What interests me most about Joyce’s representation of Bloom is the contrast between two styles of writing that Joyce uses when writing about Stephen Dedalus and Bloom.  The contrast tells us a lot about how Joyce approached Jerusalem and Ithaca/Athens.   Joyce is at home and more familiar in the language and culture of Athens and Ithaca than he is in the language and culture of the Jew.

To bring this contrast out, I selected two animals that correspond to these characters.  In relation to Daedeulus, Joyce writes of a dog and in relation to Bloom he writes of a cat.  The Jew is close to the cat and the feminine while the gentile is close to the dog and the masculine. This contrast was certainly on Joyce’s mind.  And it comes out in his prose style.  When he writes about dogs these are the dogs of war and masculinity.  History, heroism, and war can be heard echoing in these lines;

Then from the starving cagework city a horde of jerkined dwarfs, my people, with flayers’ knives, running, scaling, hacking in green blubbery whalemeat. Famine, plague, and slaughters. Their blood is in me, thei lusts my waves….The dog’s bark ran towards him, stopped, ran back.  Dog of my enemy.  I just simply stood pale, silent, bayed about. (56)

In contrast, when Joyce introduces Bloom to his readers, Bloom is attending cats and a woman.  He attends to the feminine.  It has been noted by a few Joyce scholars that he – like many writers in Europe – read the book Sex and Character by the “self-hating” German-Jewish thinker Otto Weininger.  He depicted the thoughts of Jews as “woman-like,” distracted, and hetoronomous (totally anti-Kantian and unable to be self-reliant).   Like Weininger, Joyce describes the thoughts of Bloom as feminine, wandering, and fragmented.  Bloom has no historical or intellectual basis for his reflections.  As Weininger would say, Bloom, like many Jews and women has “no essence” or foundation for his thoughts and actions.

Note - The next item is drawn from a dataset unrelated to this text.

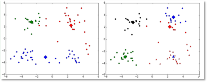 (1)k值的选择是用户指定的,不同的k得到的结果会有挺大的不同,如下图所示,左边是k=3的结果,这个就太稀疏了,蓝色的那个簇其实是可以再划分成两个簇的。而右图是k=5的结果,可以看到红色菱形和蓝色菱形这两个簇应该是可以合并成一个簇的:

Notice how much more the prose flows and fragments in Joyce’s representation of Bloom as he caters to his cat and his female acquaintance.  His mind isn’t on war, history, or honor.  His mind is on the movements of the cat and it moves from detail to detail:

Another slice of bread and butter: three, four: right.  She didn’t like her plate full.  Right.  He turned from the tray, lifted the kettle off the hob and set it sideways on the fire….The cat walked stiffly round a leg of the table with tail on high. 

-Mkgnao!

-O, there you are, Mr Bloom said, turning from the fire.

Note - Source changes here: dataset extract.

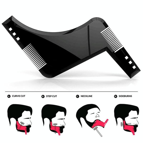 3 PCS Double-sided Beard Comb Molding Template Tool Beard Shaping Styling Tool With Inbuilt Comb(Brown)

The cat mewed in answer and stalked again ….Prr. Scratch my head. Prr. (65)

Mr. Bloom watched curiously, kindly, the lithe black form. Clean to see: the gloss on her sleek hide, the white button under the butt of her tail, the green flashing eyes.

As he prepares breakfast, his mind wanders more and more and becomes more fragmented.  This contrasts greatly from the prose and style of the above-mentioned section of Ulysses.  It moves more like a cat than a dog, so to speak.  His focus on detail is based on his immersion in experience – on things he has around him, be careful not to disturb anyone, and things he has to get – rather than on thought and history:

Stamps: stickyback pictures.  Daresay lots of officers are in the swim too.  Course they do.  The seated legend in the crown of his hat told him mutely: Plasto’s high grade ha.  He peedped quicly inside the leather headband. White slip of paper.  Quite safe. On the doorstep he felt in his hip pocket for the latchkey. Not there.  In the trousers I left off. Must get it. Potato I have.  Creaky wardrobe.  No use disturbing her.  She turned over sleepily that time.  He pulled the halldoor to after him very quietly, more…looked shut.  All right till I come back anyhow. (67)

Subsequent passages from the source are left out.